══ SUPPLIED INFORMATION ══
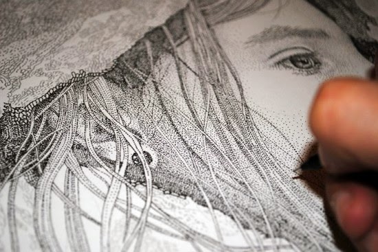 الرسومات التالية هى رسومات من صنع الفنان بابلو رويز خورادو ، وقد صنع الفنان هذة الصور المفصلة بشكل لا يصدق بإضافة الآلاف من نقاط الحبر الصغيرة إلى قماش بيضاء . ولد بابلو رويز خورادو في عام 1973، في ملقة، إسبانيا، وقد احترف الرسم في سن مبكرة جدا، . يستخدم الفنان الاسباني عدد لا يحصى من نقاط سوداء على قطعة من الورق الأبيض لخلق أعمال فنية مذهلة مستوحاة من موضوعاته المفضلة: الحب، وخيبة الأمل، والطبيعة والطفولة.
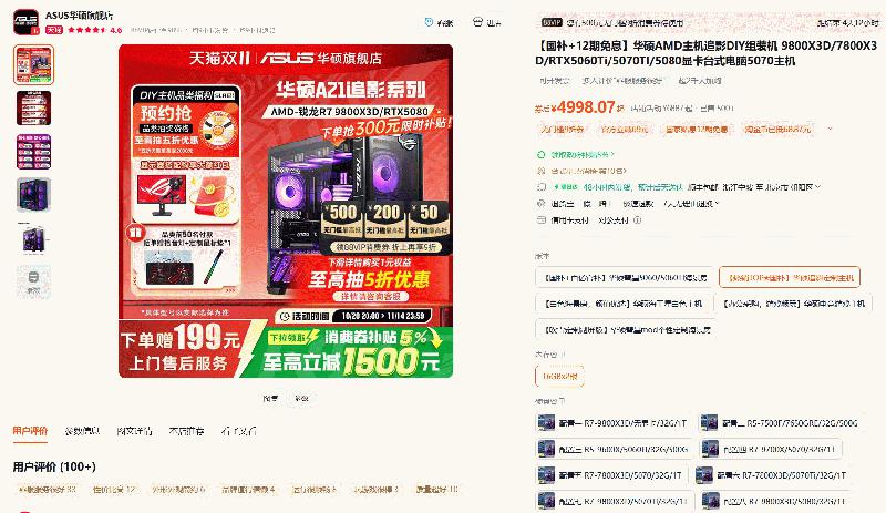 下面这款来自华硕旗舰店的整机就很简单粗暴了,大家主要选好自己想要的处理器就可以了,多款锐龙7000/9000处理器均可选择,主板、显卡和机箱都是来自华硕自有品牌的产品,性能保证坚若磐石。目前这款整机享受国补优惠,至高立减1500元,还有12期免息,下单还赠199元上门售后服务,非常贴心。
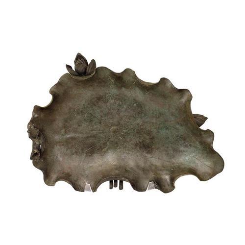 Old (1930's) Japanese Bronze Ikebana Lotus Leaf Tray
═══
## TO DO
When you repeat the material above, keep every word exact and leave out the pictures.

## RESPONSE BELOW
 الرسومات التالية هى رسومات من صنع الفنان بابلو رويز خورادو ، وقد صنع الفنان هذة الصور المفصلة بشكل لا يصدق بإضافة الآلاف من نقاط الحبر الصغيرة إلى قماش بيضاء . ولد بابلو رويز خورادو في عام 1973، في ملقة، إسبانيا، وقد احترف الرسم في سن مبكرة جدا، . يستخدم الفنان الاسباني عدد لا يحصى من نقاط سوداء على قطعة من الورق الأبيض لخلق أعمال فنية مذهلة مستوحاة من موضوعاته المفضلة: الحب، وخيبة الأمل، والطبيعة والطفولة.
 下面这款来自华硕旗舰店的整机就很简单粗暴了,大家主要选好自己想要的处理器就可以了,多款锐龙7000/9000处理器均可选择,主板、显卡和机箱都是来自华硕自有品牌的产品,性能保证坚若磐石。目前这款整机享受国补优惠,至高立减1500元,还有12期免息,下单还赠199元上门售后服务,非常贴心。
 Old (1930's) Japanese Bronze Ikebana Lotus Leaf Tray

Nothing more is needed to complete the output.